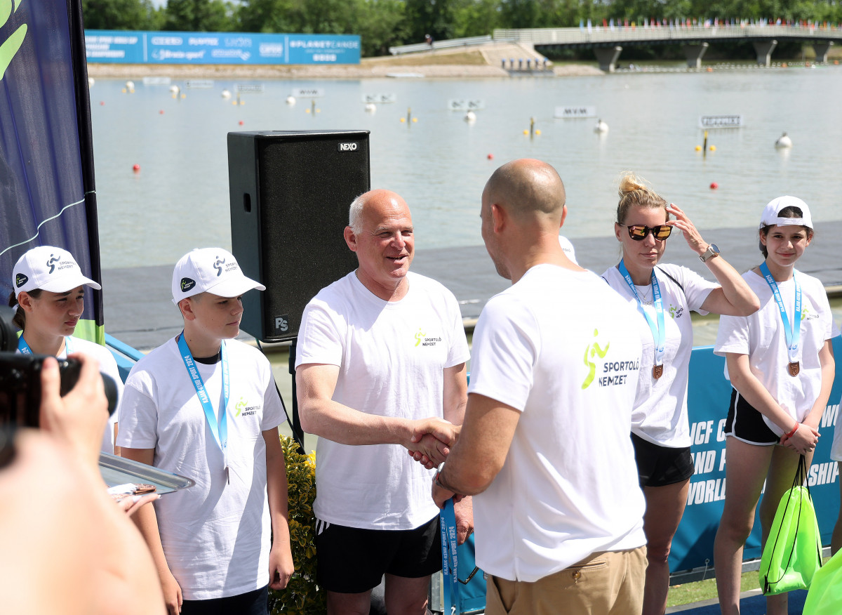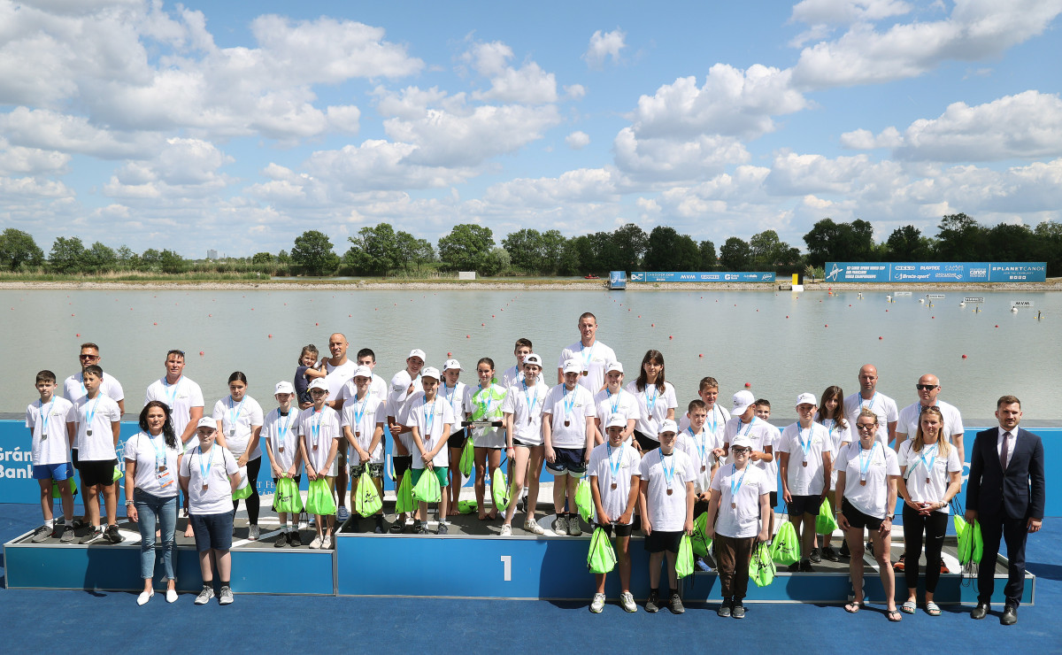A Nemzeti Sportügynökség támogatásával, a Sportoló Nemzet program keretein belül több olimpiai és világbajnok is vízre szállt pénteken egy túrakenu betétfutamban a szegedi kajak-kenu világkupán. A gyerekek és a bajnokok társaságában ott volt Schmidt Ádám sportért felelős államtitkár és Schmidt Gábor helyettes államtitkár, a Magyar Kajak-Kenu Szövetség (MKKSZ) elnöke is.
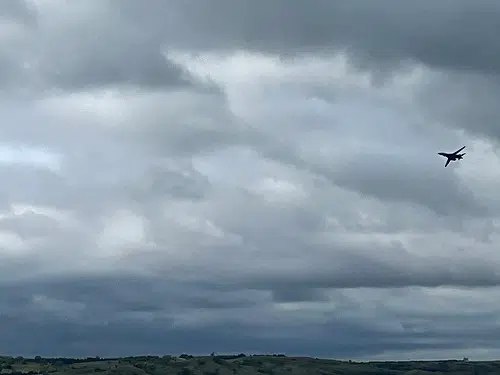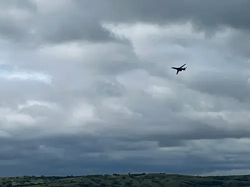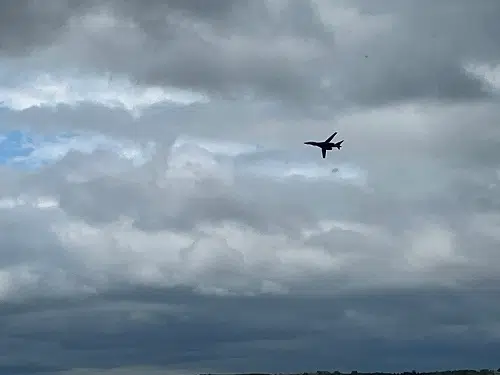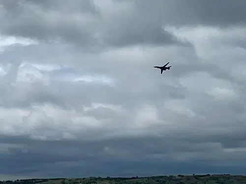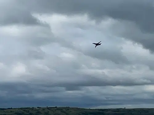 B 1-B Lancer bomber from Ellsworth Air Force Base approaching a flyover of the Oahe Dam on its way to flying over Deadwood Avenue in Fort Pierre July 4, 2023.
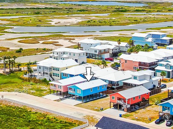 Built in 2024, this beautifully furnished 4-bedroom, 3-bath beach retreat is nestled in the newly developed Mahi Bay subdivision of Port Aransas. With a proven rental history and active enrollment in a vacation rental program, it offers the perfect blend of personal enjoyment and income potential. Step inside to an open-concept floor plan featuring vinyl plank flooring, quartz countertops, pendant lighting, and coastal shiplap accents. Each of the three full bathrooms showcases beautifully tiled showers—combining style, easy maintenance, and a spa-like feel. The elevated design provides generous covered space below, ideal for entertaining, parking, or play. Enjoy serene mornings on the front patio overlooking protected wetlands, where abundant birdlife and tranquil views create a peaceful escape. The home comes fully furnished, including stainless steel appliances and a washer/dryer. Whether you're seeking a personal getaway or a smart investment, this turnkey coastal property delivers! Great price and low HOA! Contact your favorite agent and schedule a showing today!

---

Take the lines from the start of the material to the line with "B 1-B Lancer", both included, and transcribe them exactly without the pictures.

A Nemzeti Sportügynökség támogatásával, a Sportoló Nemzet program keretein belül több olimpiai és világbajnok is vízre szállt pénteken egy túrakenu betétfutamban a szegedi kajak-kenu világkupán. A gyerekek és a bajnokok társaságában ott volt Schmidt Ádám sportért felelős államtitkár és Schmidt Gábor helyettes államtitkár, a Magyar Kajak-Kenu Szövetség (MKKSZ) elnöke is.
 B 1-B Lancer bomber from Ellsworth Air Force Base approaching a flyover of the Oahe Dam on its way to flying over Deadwood Avenue in Fort Pierre July 4, 2023.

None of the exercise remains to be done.